The proportionality constant in Darcy's Law is called hydraulic conductivity (K), and it is the most fundamental parameter to groundwater studies. There are a number of in situ and laboratory techniques employed to determine K, one of which is falling head permeameter (FHP). In FHP, determining K involves two steps: measuring hydraulic head change over time and calculating the K value. In the past, calculating K was done using Darcy's Law, which states linear correlation between the flux and the hydraulic gradient, but this is only true when the inertial forces are negligible at small velocities. At higher velocities, flow becomes unsteady because of the change over time in flow magnitude and hydraulic gradient, which requires mass conservation law to be combined with Darcy’s Law and eventually leads to Laplace’s equation for an incompressible matrix.
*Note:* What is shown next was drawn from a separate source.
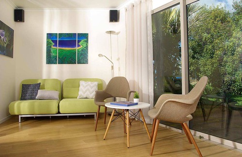 The second bedroom features a queen bed and big doors that lead to a private outdoor area and a beautiful garden with seating, perfect for moments of quiet reflection.

If the media is compressible, specific storativity should be taken into account, as well. In this study, we investigated the transiency of flow in FHP tests by analyzing the effect of specific storativity on K calculations. We have developed a new semi- analytical solution for transient flow in FHP in Laplace domain and used the de Hoog algorithm to attain the inverse Laplace transform of this solution to yield solutions in time domain. We have also provided some analysis and a comparison of steady-state solution along with using experimental data and the data from the literature to analyze the solution. Upon these, we concluded that the transient flow in falling-head tests has minimal effect in general, although using the transient solution provided may improve the accuracy without a major effect.